There was shouting around us—so much shouting—but I couldn’t make out any of the words.

Another person—another voice—leaned over me on the other side. “It’s all right, Mac.” Jason. The words were raw, like he was having a hard time speaking. “Hank went to get a car and Kyle’s getting the doctor from the infirmary. You’re going to be okay.”

Hank was alive, then.
Good
.

There was sudden pressure on the space below my shoulder. The world went dark at the center and too bright at the edges and everything was on fire. I screamed.

“No, Serena!” Jason’s voice rose over my own and the pressure fell away.

Darkness threatened to pull me back under and I fought against it even though some distant part of my brain pointed out that the pain would stop if I passed out.

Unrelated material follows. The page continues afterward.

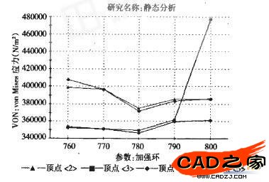 由圖3可知4個頂點都在加強環中心線直徑為780mm的情況下vonMises應力最小。頂點<2>和頂點<4>在加強環中心線直徑為760mm的情況下vonMises應力最大,而頂點“>和頂點<5>在其為800mm的情況下vonMises應力最大。且頂點<4>的應力是迅速增大。
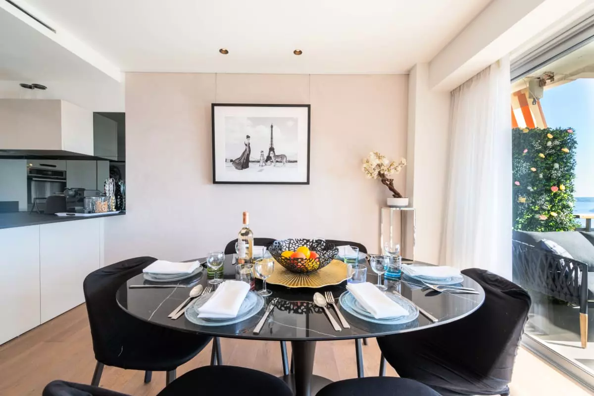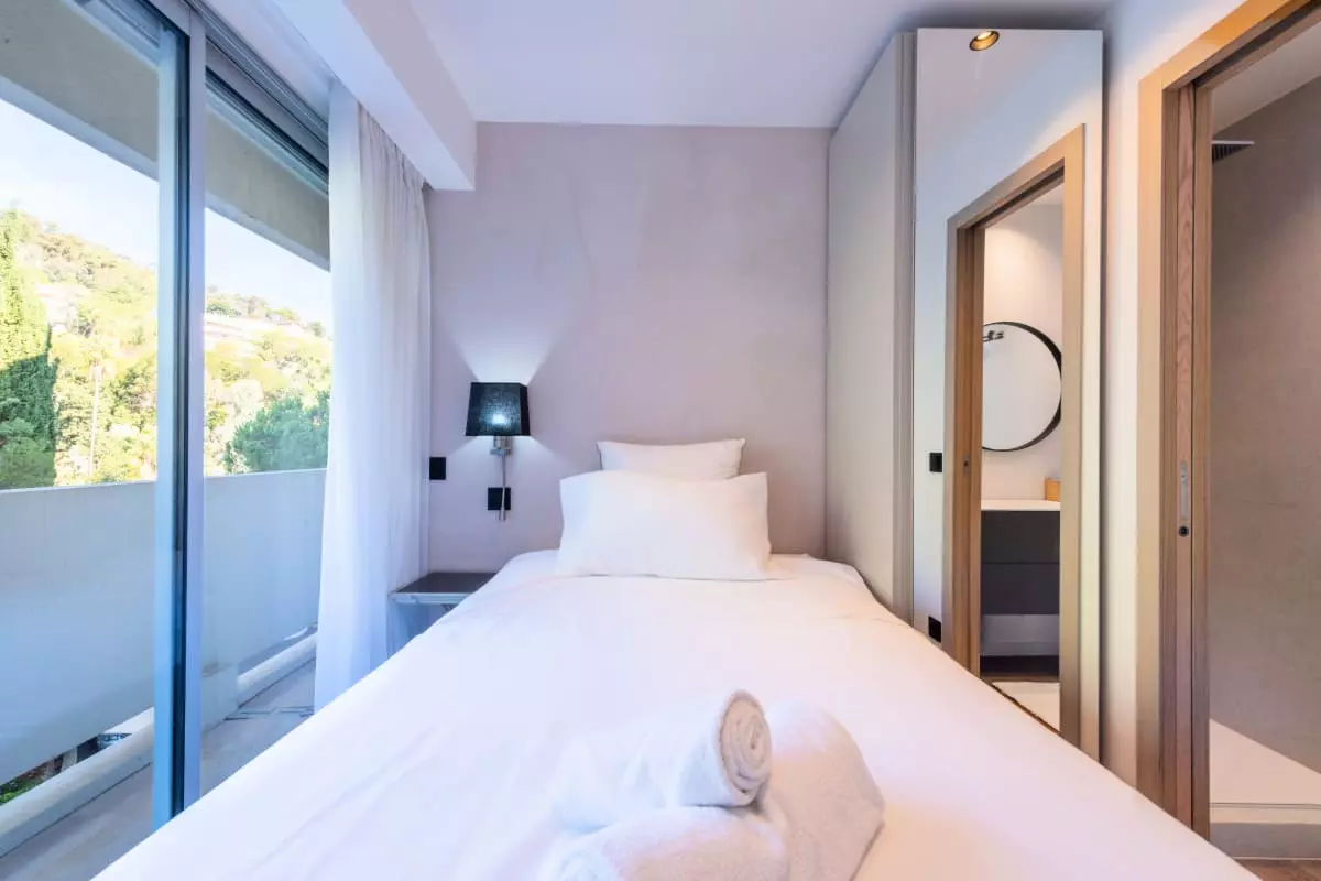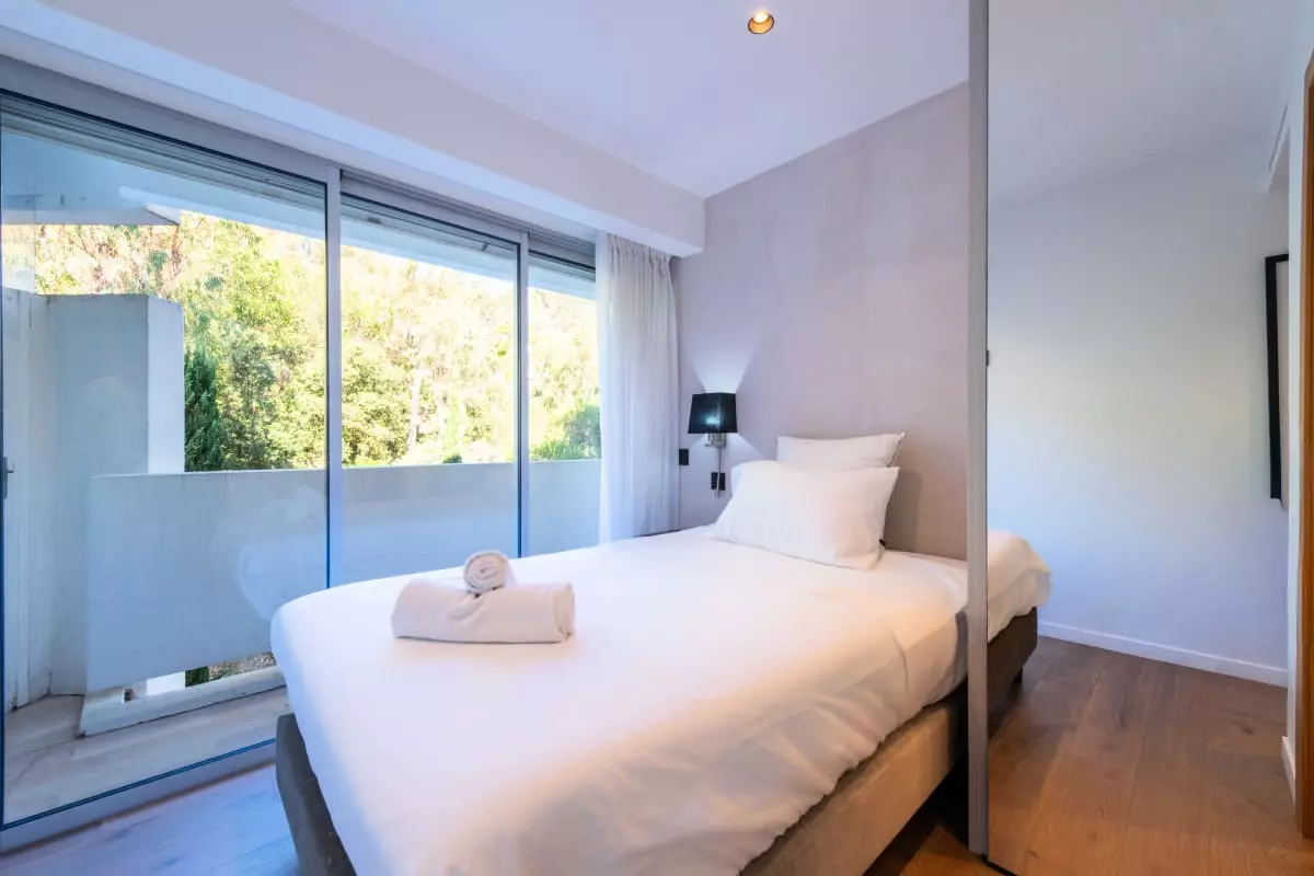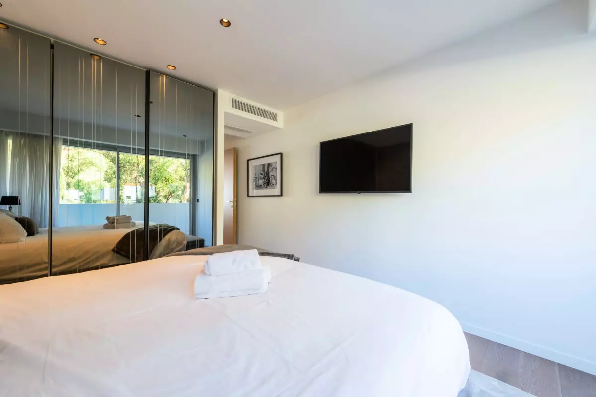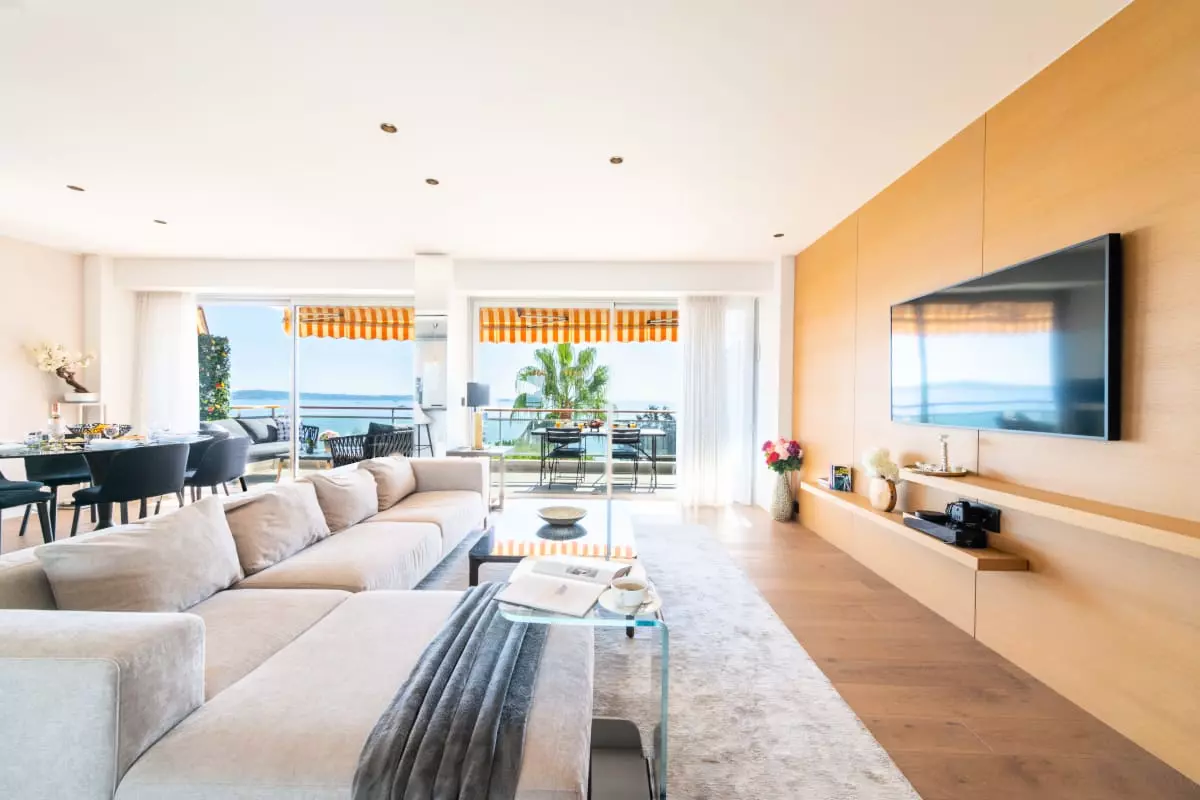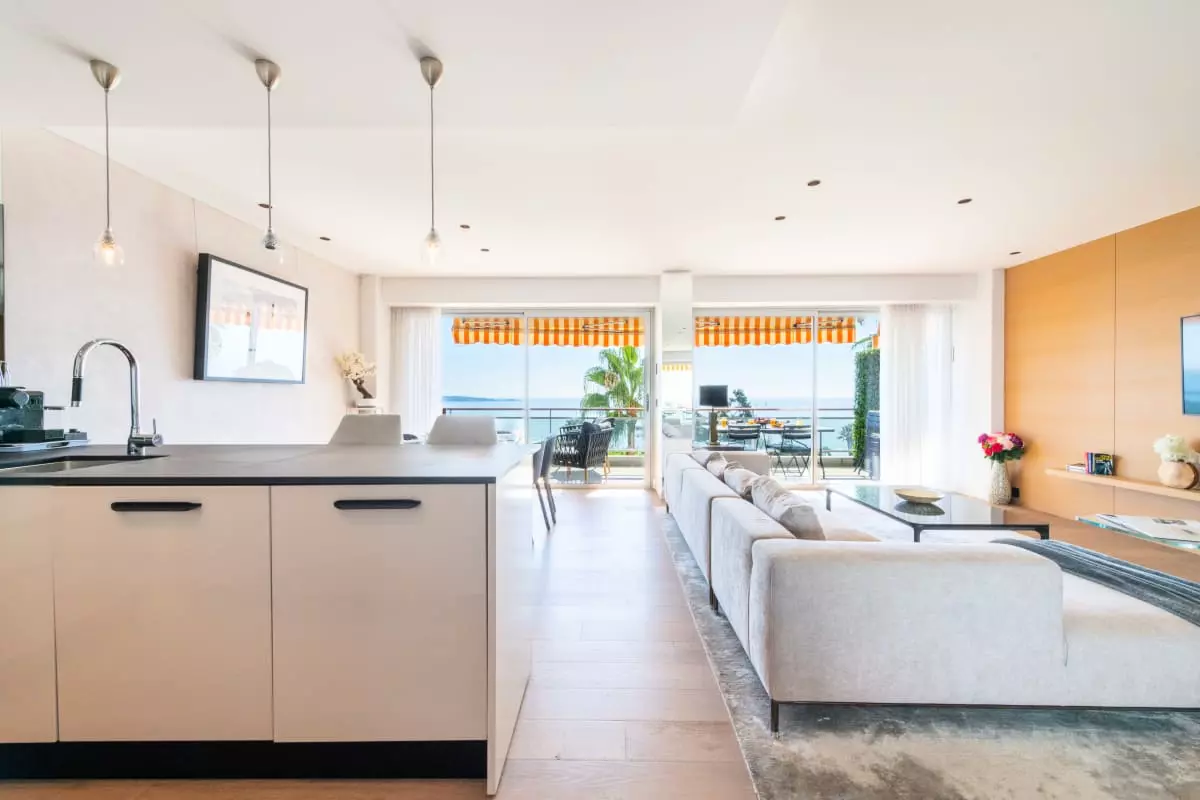 A bright apartment, facing the sea and opening onto the wooded park of a prestigious residence close to the beaches and Cannes, to enjoy the Côte d'Azur in a privileged setting.

“I was trying to keep it inside,” Serena whispered. Her voice was halting, like a child’s. She fumbled for my hand and cradled it gently. “You have to cover the red so they can’t see it. It makes them so excited.”

The red?
The hand that held mine was sticky and I struggled to turn it over. Serena’s palm was covered with blood.

My eyes sought out Jason.

“She was trying to help.” He brushed the hair back from my face, the touch so light it was lost to the pain. “She went crazy when Sinclair shot you. You should have seen what she did to her.”

At the mention of the warden, Serena flinched.

It was getting so hard to keep my eyes open. Almost impossible.

Not yet
, I thought.

“Bloodlust . . . ?” The word came out a rasp as I fought to hold on.

Jason shook his head. “No. Whatever they did to her, it’s not bloodlust.”

Time twisted and turned. Minutes stretched out and snapped back.

Eve came. Serena left.

Kyle took Jason’s place at my side.

A man in a white coat gave me something for the pain.

I began to drift.

Strong arms lifted me. The movement should have hurt, but everything was numb and far away.

“Dad?” The unfamiliar word slipped out as Hank carried me through the gates.

“I’m here, Mackenzie. It’s all right.” He eased me into the back of a waiting car.

I opened my mouth to ask him not to leave me, but the drugs made it hard to string the words together and the car door slammed shut before I could get them out.